Baby it's Cold Outside How to Keep your Home Warm and Energy Efficient.JPG

When the weather cools down, the inside of homes starts heating up. At least, that's how it's supposed to be. If the only thing that seems to be getting hotter in your home is your heating bill, it might be time to take a look around and see where you can make room for more energy efficient heating.

Is Your Home Letting Heat Escape?

No matter how powerful your heating system is, your home is still cold if all that heat keeps escaping. Odds are good your home isn't as heat-efficient as you think; leaky walls, ceilings, floors, doors and windows all allow heat to escape. Caulk, foam or weather-stripping can be used, depending on location, to secure any suspected leaks.

Is Your Furnace Working Like It Should?

If you use a furnace to heat your home, make sure it's in good working repair. A faulty, dirty or old furnace isn't just a possible culprit of poor home heating, it can also be a danger to the home via fires or gas leaks. Companies like Customs Services have professional furnace repair technicians available to review the condition and safety of a furnace and provides any necessary repairs and tips to keep your furnace working well all winter long.

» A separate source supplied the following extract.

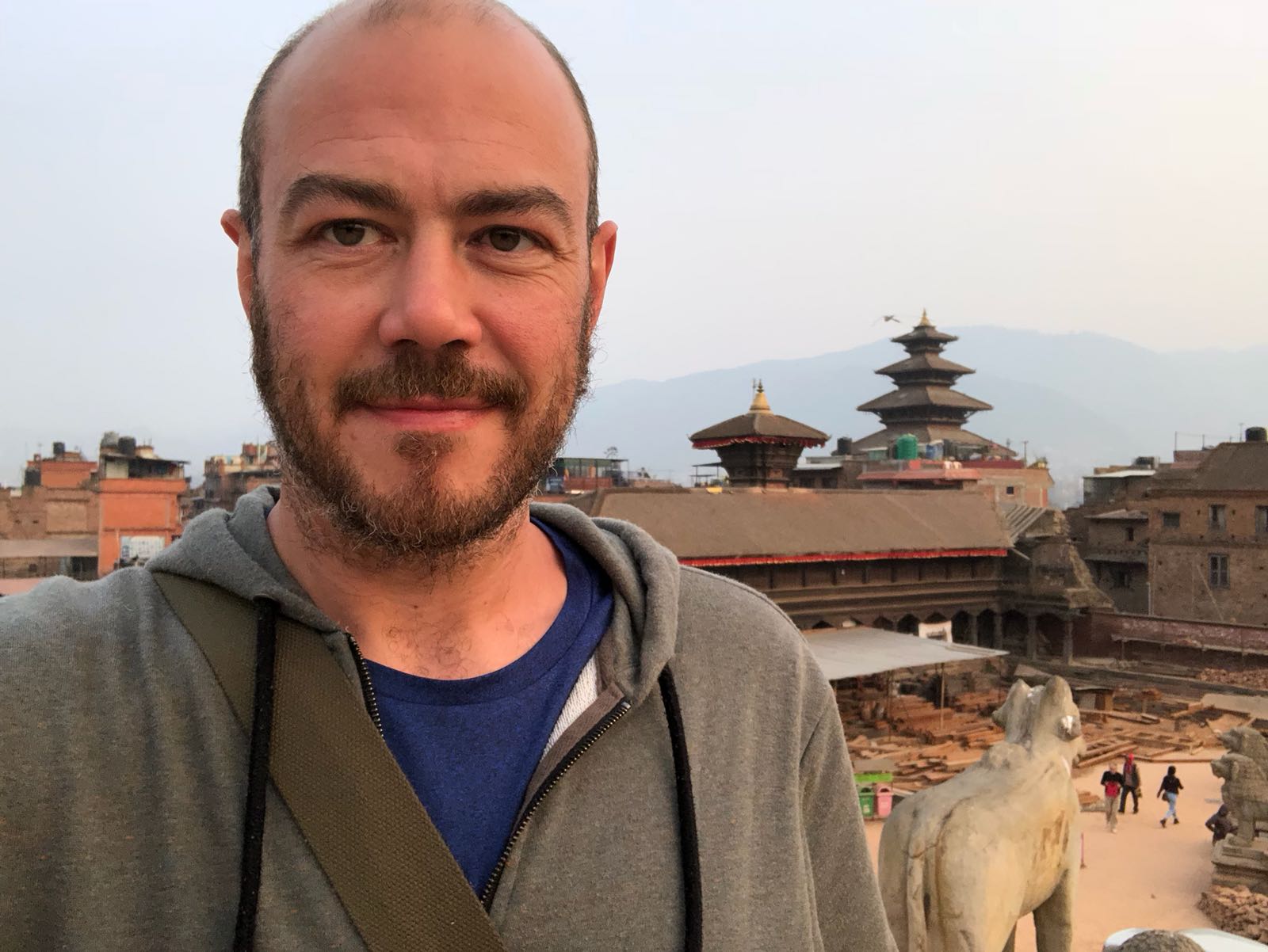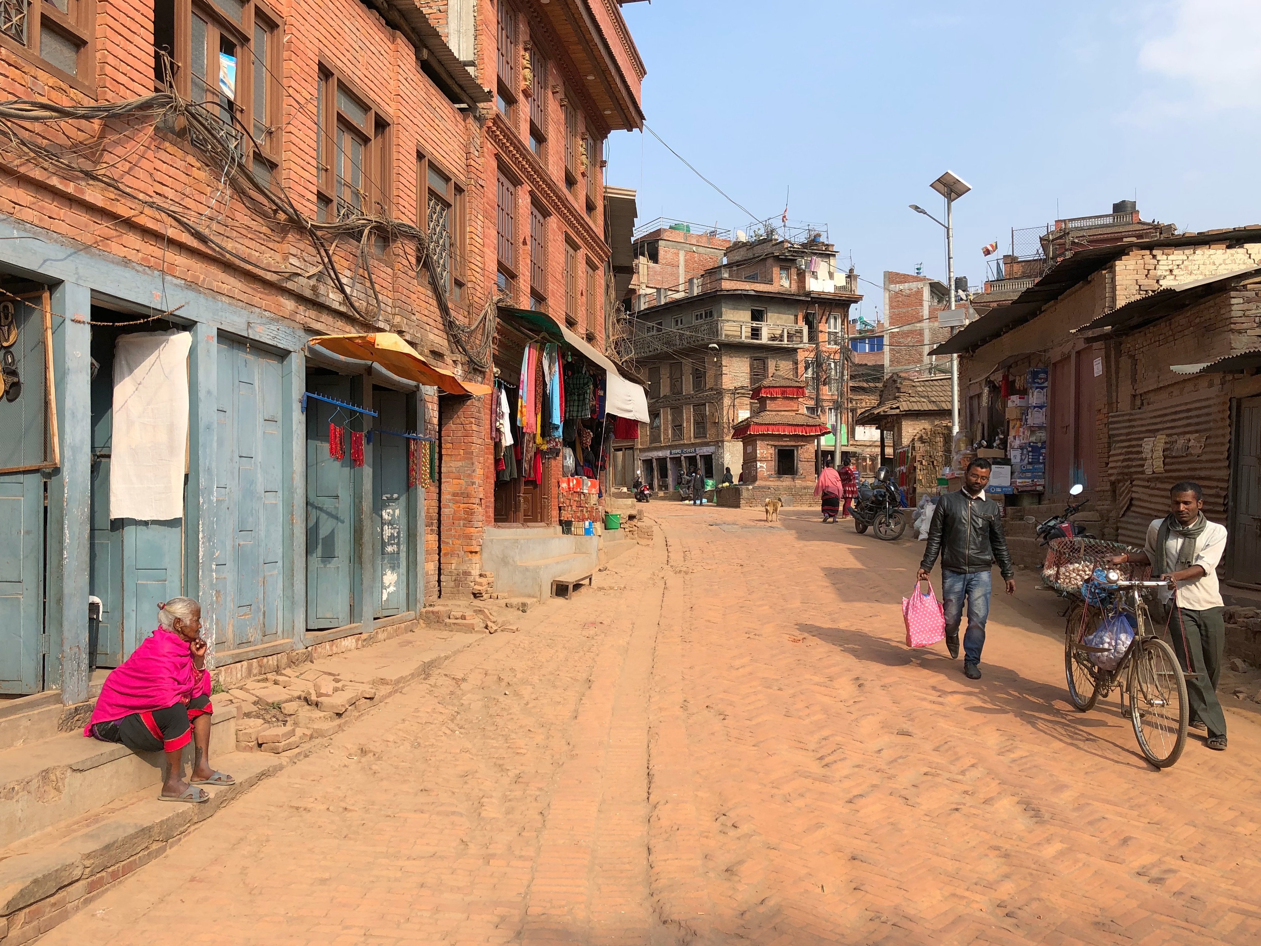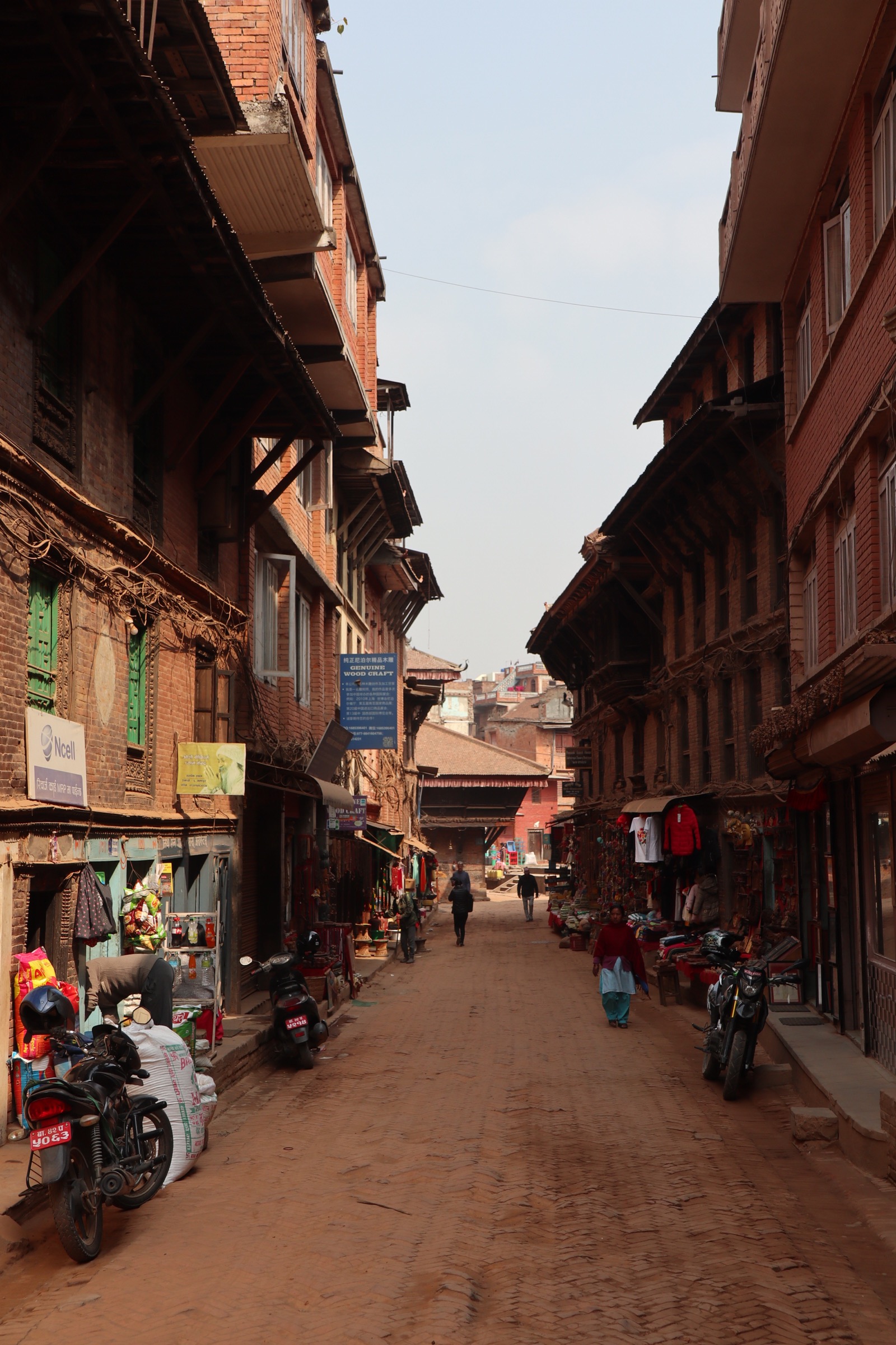 Morning in Bhaktapur. I’ve had a great sleep, and now I’m hungry so I head up to the rooftop to eat breakfast. It’s still hazy out there, and I’ve learnt by now that the mountains I can just about make out through the haze are definitely not the Himalayas in any capacity. Om, the receptionist boy who checked me in yesterday and lugged my suitcase up to my room is in the kitchen cooking breakfast, and Suresh is busying himself taking photos of the guests to put on booking.com (the hotel has only recently opened). There’s no choice of what you get for breakfast; it’s one thing only, and luckily it’s delicious. I get an egg cooked into the salty lentil pancakes I watched some women making in the streets of Kathmandu, and it’s so good I ask for another.

Are You Using Solar Heating?

The sun is an always-on source of heat that never breaks down. South-facing windows let in warm sunlight, and interior surfaces such as concrete floors and plaster or brick walls absorb the heat and gradually release it during the evenings. If such modifications aren't possible, just apply thick curtains to your windows and leave them open during the day and shut them at night. Warmth comes in and doesn't blow back out.

Are You Losing Heat from Mini-Drafts?

If you have a mail slot, a pet door or just a large gap under an exterior door, you're losing heat in mini-drafts. Line door flaps leading to the outside with thick fabric, like wool or fleece, to prevent this. Door gaps are still best handled by an old-fashioned "sausage dog", or wrapped tube of fabric that blocks the gap. It's easy to make your own with some tights and old socks, if desired.

While major modifications are one way to approach getting huge energy savings and a warmer home in winter, don't feel like you need a renovation to stay cozy. Simple tricks and awareness of how your home collects and retains heat go a long way to keeping the cold outside where it belongs.